* [Instructions for the task]
Extract every entry word for word. Skip the pictures.

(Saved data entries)
━━━
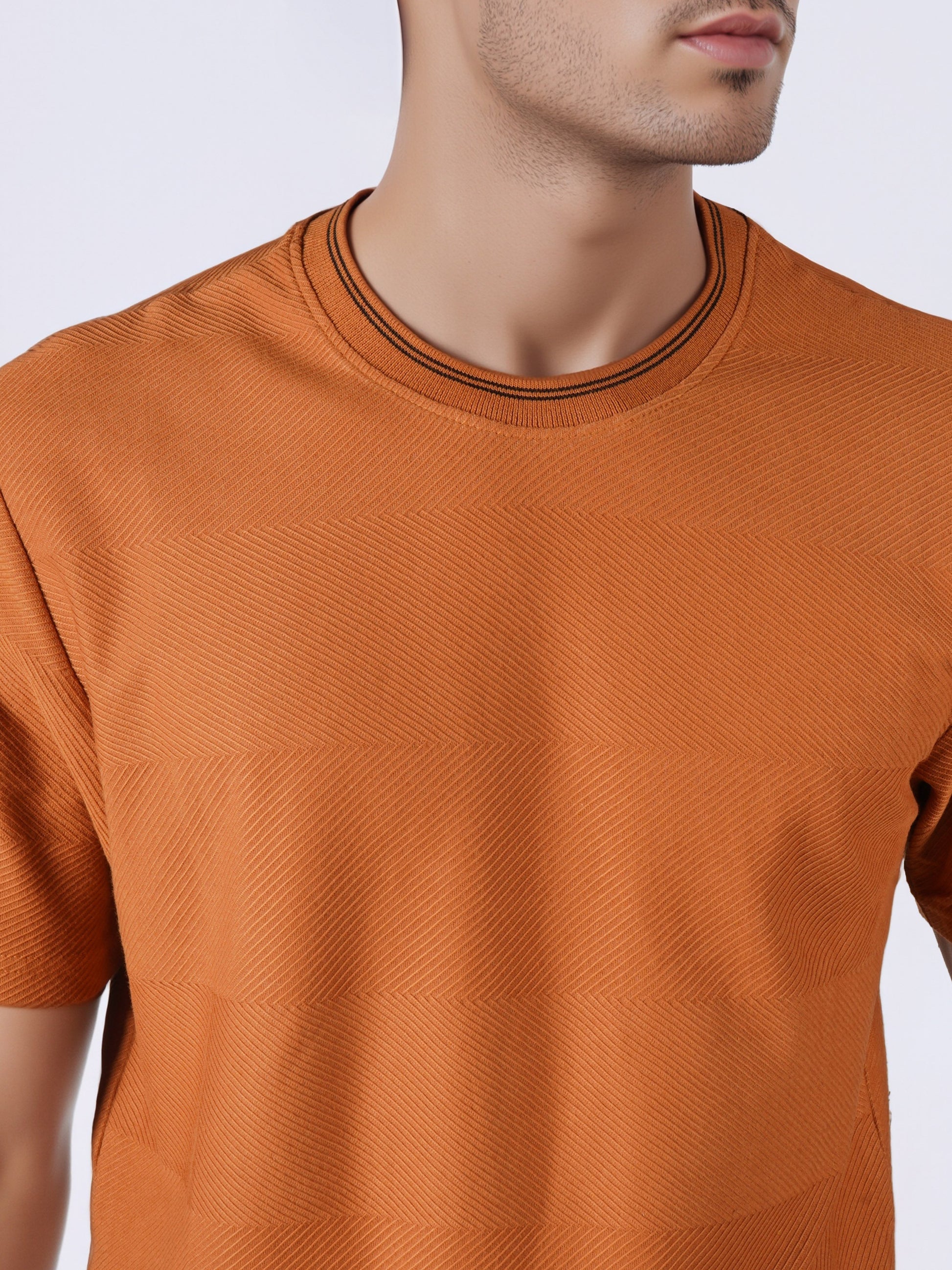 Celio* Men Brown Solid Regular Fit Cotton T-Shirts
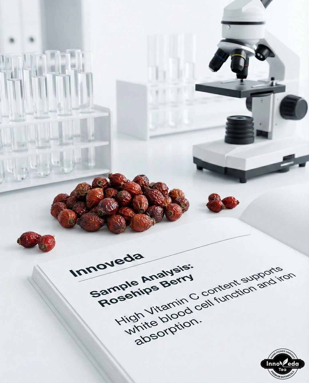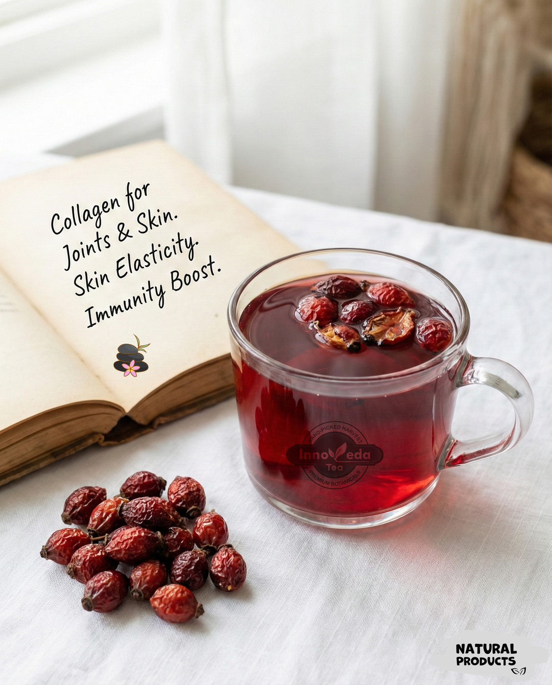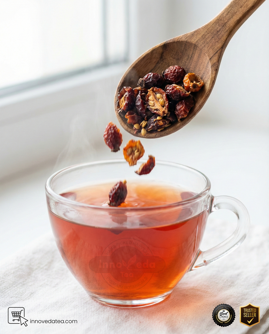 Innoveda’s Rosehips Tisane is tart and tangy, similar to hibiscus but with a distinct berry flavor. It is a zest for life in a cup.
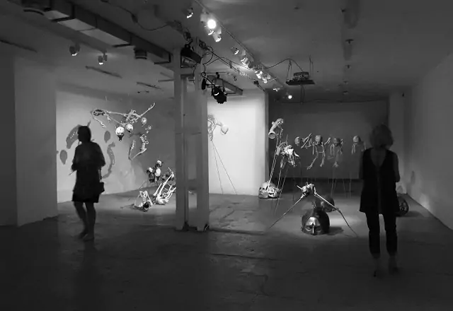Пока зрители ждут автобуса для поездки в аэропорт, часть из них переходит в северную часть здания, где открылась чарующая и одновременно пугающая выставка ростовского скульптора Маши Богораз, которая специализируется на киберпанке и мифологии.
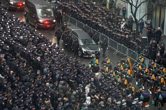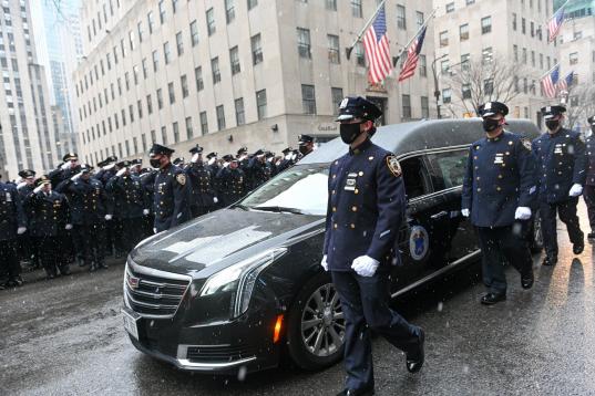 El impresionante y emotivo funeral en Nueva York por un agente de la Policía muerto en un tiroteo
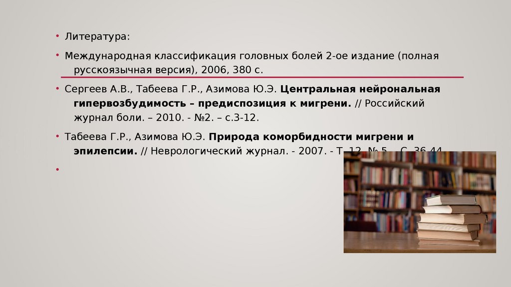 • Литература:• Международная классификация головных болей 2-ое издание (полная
━━━
* [Task result]
 Celio* Men Brown Solid Regular Fit Cotton T-Shirts
 Innoveda’s Rosehips Tisane is tart and tangy, similar to hibiscus but with a distinct berry flavor. It is a zest for life in a cup.
Пока зрители ждут автобуса для поездки в аэропорт, часть из них переходит в северную часть здания, где открылась чарующая и одновременно пугающая выставка ростовского скульптора Маши Богораз, которая специализируется на киберпанке и мифологии.
 El impresionante y emotivo funeral en Nueva York por un agente de la Policía muerto en un tiroteo
 • Литература:• Международная классификация головных болей 2-ое издание (полная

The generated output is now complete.